*Your assignment*: Each line from the one containing "White Jasmine Floral" to the end of the data must be copied exactly, the first and last included; no other lines and no pictures belong in the copy.
====== Provided material ======
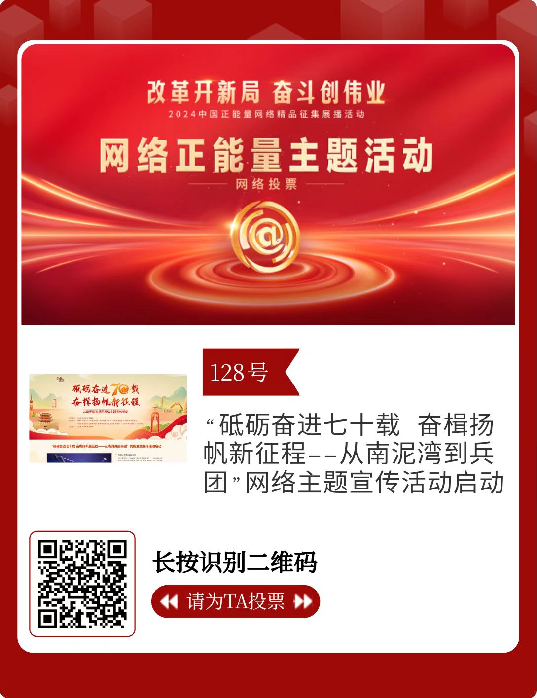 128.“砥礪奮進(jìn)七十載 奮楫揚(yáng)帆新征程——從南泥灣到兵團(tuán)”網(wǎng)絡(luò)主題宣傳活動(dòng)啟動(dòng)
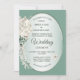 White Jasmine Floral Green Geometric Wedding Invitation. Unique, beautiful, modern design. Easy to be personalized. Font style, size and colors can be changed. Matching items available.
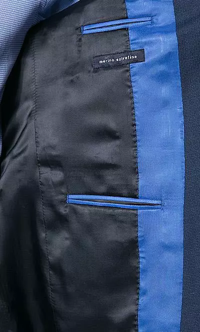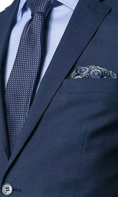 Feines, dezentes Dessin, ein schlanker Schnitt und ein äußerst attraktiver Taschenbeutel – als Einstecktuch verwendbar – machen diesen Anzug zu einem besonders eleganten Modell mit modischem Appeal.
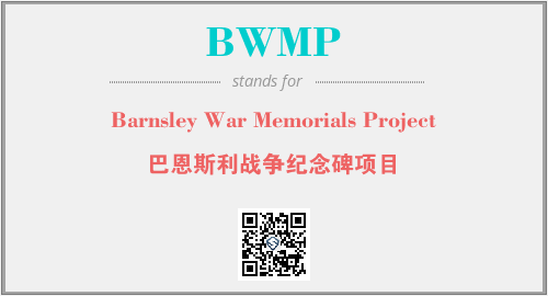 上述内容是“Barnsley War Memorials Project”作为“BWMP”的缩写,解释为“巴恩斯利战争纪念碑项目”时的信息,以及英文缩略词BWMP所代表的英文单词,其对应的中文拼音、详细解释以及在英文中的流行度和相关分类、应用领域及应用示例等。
======
*Solution*:
 White Jasmine Floral Green Geometric Wedding Invitation. Unique, beautiful, modern design. Easy to be personalized. Font style, size and colors can be changed. Matching items available.
 Feines, dezentes Dessin, ein schlanker Schnitt und ein äußerst attraktiver Taschenbeutel – als Einstecktuch verwendbar – machen diesen Anzug zu einem besonders eleganten Modell mit modischem Appeal.
 上述内容是“Barnsley War Memorials Project”作为“BWMP”的缩写,解释为“巴恩斯利战争纪念碑项目”时的信息,以及英文缩略词BWMP所代表的英文单词,其对应的中文拼音、详细解释以及在英文中的流行度和相关分类、应用领域及应用示例等。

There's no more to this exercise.